Feel free to choose anything that helps you organize work, keep to the schedule, and follow the plan: Trello, isoTimer, Toggl — you name it. But here’s a pro lifehack for you: mix a few instruments or change your existing one from time to time. It allows you to save your energy levels and avoid feeding up with one tool and getting lost in tasks.

9. Don’t Reply to Emails Right Away.

No need to tell about common distractions and time-wasters such as TV series or social media feeds. Most people know about them and how to handle them, but some still ignore such a time-eater and their productivity killer as immediate reactions to project offers or questions from clients.

Entrepreneurs and remote workers are their own marketers and sales managers, so they try to be available online all the time. Messenger, email, phone calls — the temptation to reply in a wink is hard to resist. You believe you will lose a client or offend them anyhow if not respond to their message right here and now; but it’s not so.

It’s simple – the quicker you respond, the quicker your client will respond. Plus, the more emails you send, the more you will receive.

Once distracted, you lose concentration on the task at hand. You’ll have to spend time on getting back into the game over and over again, many times per day.

The solution?

Turn off the messengers when you start working. Check emails a few times a day max (allocate some time between major tasks for this purpose). Using email tools to schedule your posts so they’re sent with a delay.

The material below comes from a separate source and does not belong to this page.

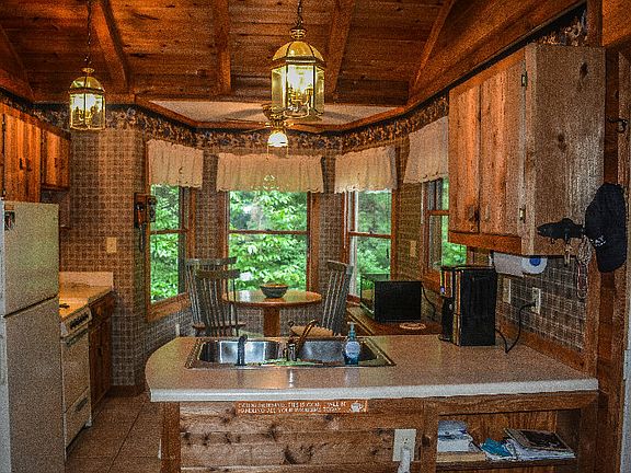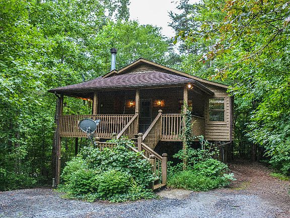 *JUST REDUCED* Charming 2 bedroom 2 bath cabin in "The Last Resort". Large indoor hot tub, towering stone fireplace, bedroom and bath on each level with seprate entrance, dining area with bay windows, tons of storage, circular driveway, and to top it all a private location. This cabin would make the perfect rental investment!

If it’s difficult for you to ignore distractions from other websites, use tools that will block your access to those resources.

Email time management

10. Treat Yourself to Cheat Meals.

Those familiar with healthy diets know about a cheat meal — one day a month or week when you can eat anything you want. Speaking about business, the principle of cheat meal also works: it helps to “fill your well” (mentioned above) and support the level of your work efficiency and productivity.

Cheat meals in business are not about food but alternative time-spending. It can be a day of watching the series, shopping, objectless rambles in the city, etc. But don’t confuse these days with your day off! Just make sure your “cheat meal” day doesn’t align with the day of an important deadline and don’t make such days your everyday habit.

11. Remember to Grow Your Soft Skills.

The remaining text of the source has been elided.